What you need to do:
A line below contains "Pedagogy and Psychology.", and a later one contains "Model tatamia.Vyskovo nastavitelna,sklon". Repeat both, with every line between them, exactly.

Provided data:
* * * * *

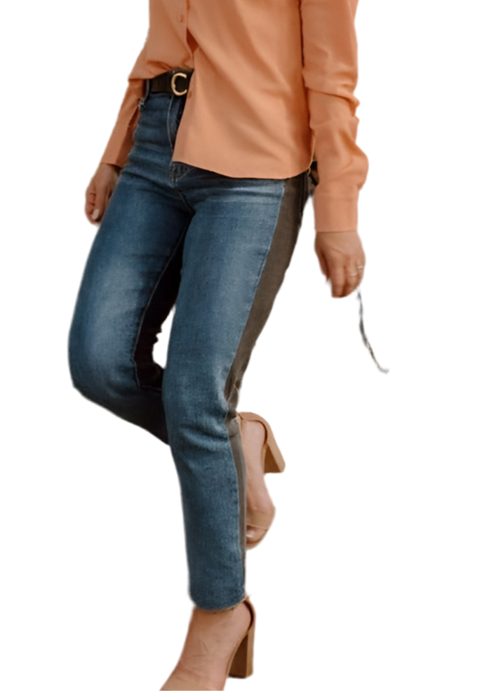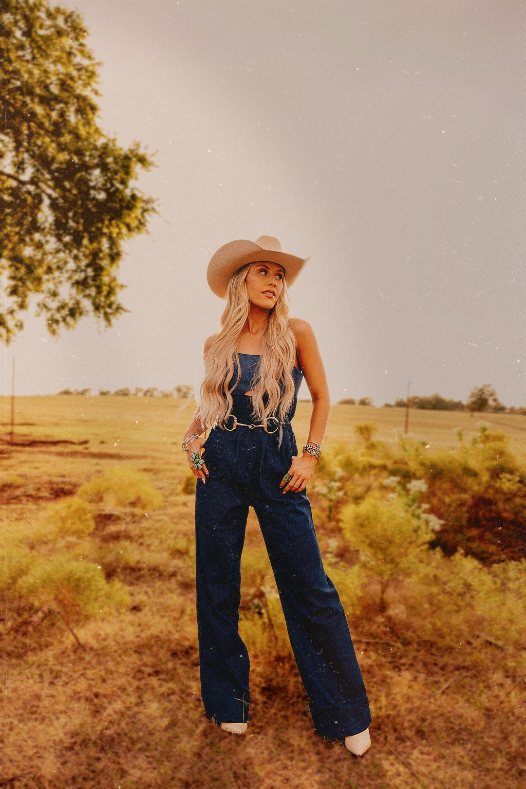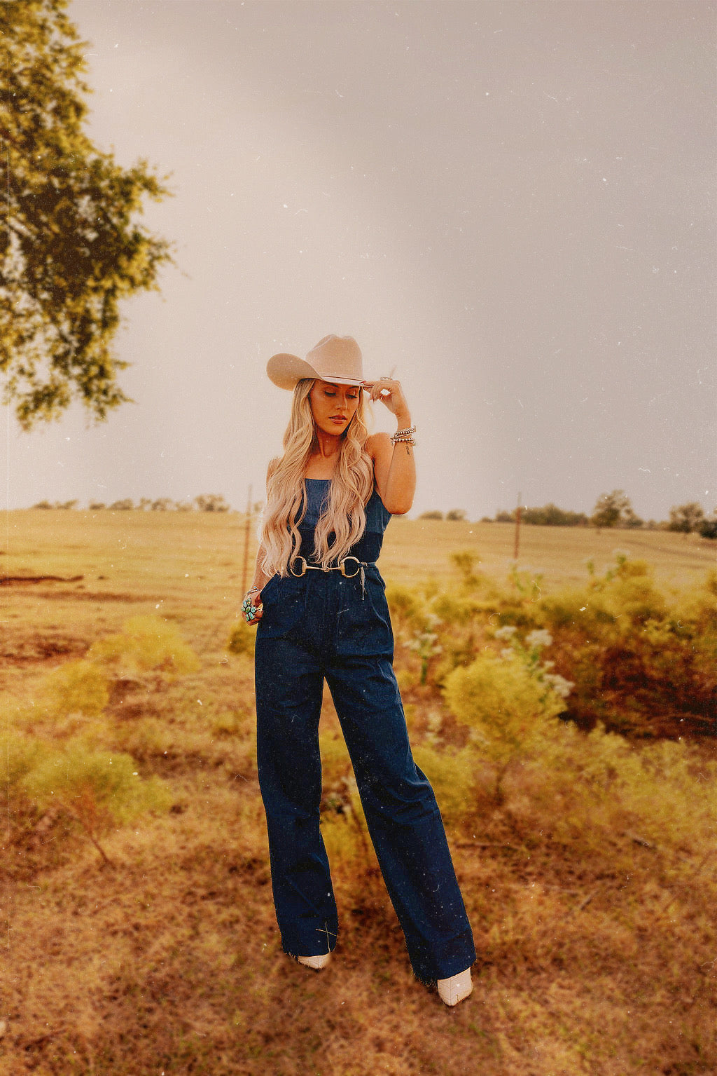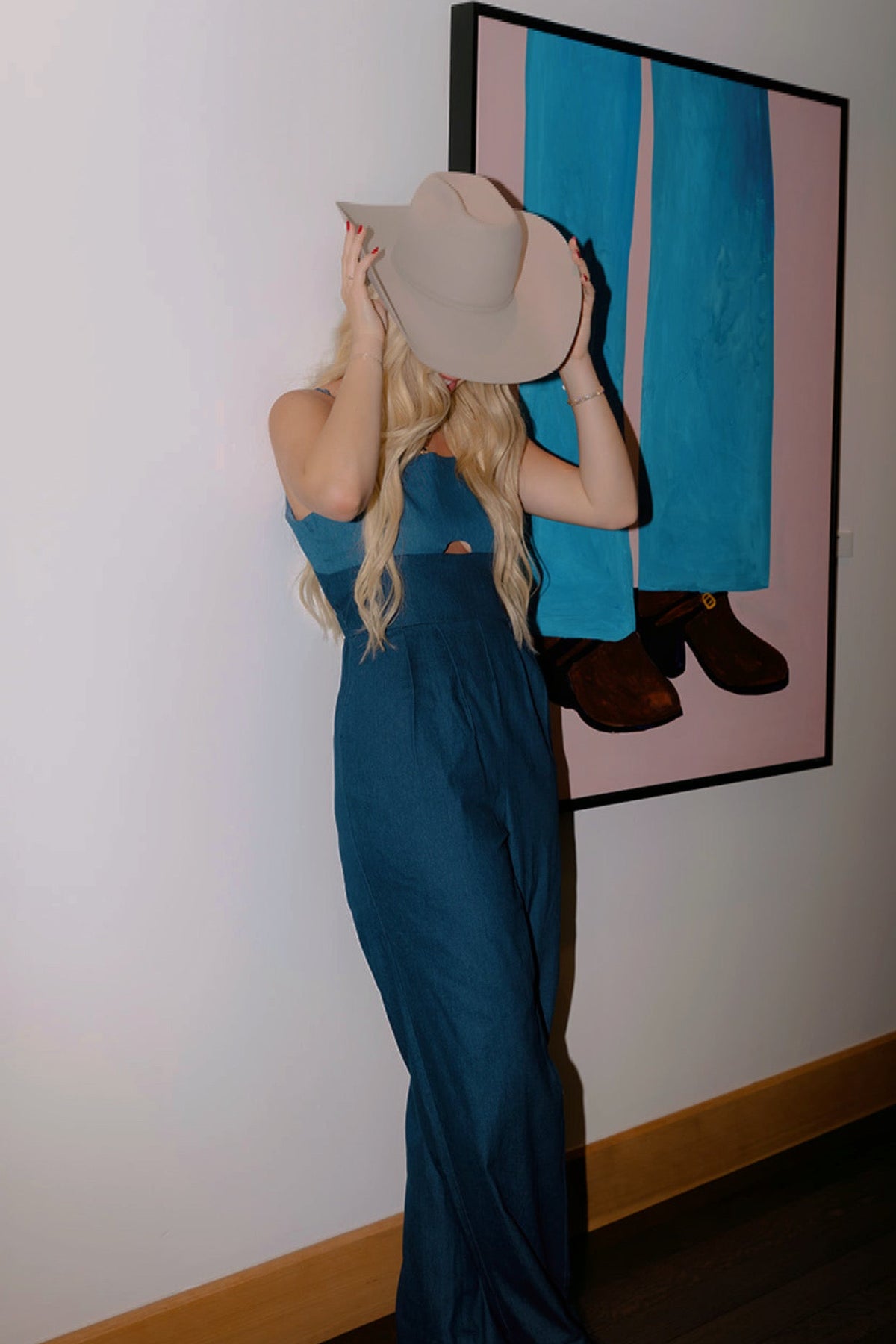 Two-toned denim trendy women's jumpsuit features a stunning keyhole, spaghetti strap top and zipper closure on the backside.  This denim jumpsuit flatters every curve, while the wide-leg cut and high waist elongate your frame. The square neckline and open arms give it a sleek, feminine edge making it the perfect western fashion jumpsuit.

* * * * *

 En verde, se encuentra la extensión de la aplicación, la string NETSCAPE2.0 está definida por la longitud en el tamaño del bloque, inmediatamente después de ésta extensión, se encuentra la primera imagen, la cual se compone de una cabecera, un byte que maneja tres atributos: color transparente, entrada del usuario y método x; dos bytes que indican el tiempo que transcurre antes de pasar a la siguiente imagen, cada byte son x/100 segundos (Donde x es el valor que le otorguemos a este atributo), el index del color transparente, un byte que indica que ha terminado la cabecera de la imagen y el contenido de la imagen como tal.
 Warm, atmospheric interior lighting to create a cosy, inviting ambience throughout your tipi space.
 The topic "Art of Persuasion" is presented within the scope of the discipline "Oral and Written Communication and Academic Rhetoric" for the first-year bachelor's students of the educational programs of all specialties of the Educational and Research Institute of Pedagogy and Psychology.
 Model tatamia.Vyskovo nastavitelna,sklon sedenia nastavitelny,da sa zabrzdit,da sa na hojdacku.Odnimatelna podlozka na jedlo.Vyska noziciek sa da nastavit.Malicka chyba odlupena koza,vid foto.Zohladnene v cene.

* * * * *

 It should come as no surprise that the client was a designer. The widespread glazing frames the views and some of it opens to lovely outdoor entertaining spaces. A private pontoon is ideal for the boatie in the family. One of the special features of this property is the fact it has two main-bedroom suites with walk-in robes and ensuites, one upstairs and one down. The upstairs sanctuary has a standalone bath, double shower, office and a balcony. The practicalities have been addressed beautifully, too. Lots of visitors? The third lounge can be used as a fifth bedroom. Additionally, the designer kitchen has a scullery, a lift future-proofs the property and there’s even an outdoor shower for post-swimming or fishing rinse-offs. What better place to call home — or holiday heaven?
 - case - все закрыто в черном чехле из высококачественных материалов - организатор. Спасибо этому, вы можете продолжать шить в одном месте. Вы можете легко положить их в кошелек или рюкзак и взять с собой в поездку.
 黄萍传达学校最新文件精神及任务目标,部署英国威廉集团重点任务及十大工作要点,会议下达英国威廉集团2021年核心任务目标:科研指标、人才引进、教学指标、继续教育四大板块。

* * * * *

Answer space:
 The topic "Art of Persuasion" is presented within the scope of the discipline "Oral and Written Communication and Academic Rhetoric" for the first-year bachelor's students of the educational programs of all specialties of the Educational and Research Institute of Pedagogy and Psychology.
 Model tatamia.Vyskovo nastavitelna,sklon sedenia nastavitelny,da sa zabrzdit,da sa na hojdacku.Odnimatelna podlozka na jedlo.Vyska noziciek sa da nastavit.Malicka chyba odlupena koza,vid foto.Zohladnene v cene.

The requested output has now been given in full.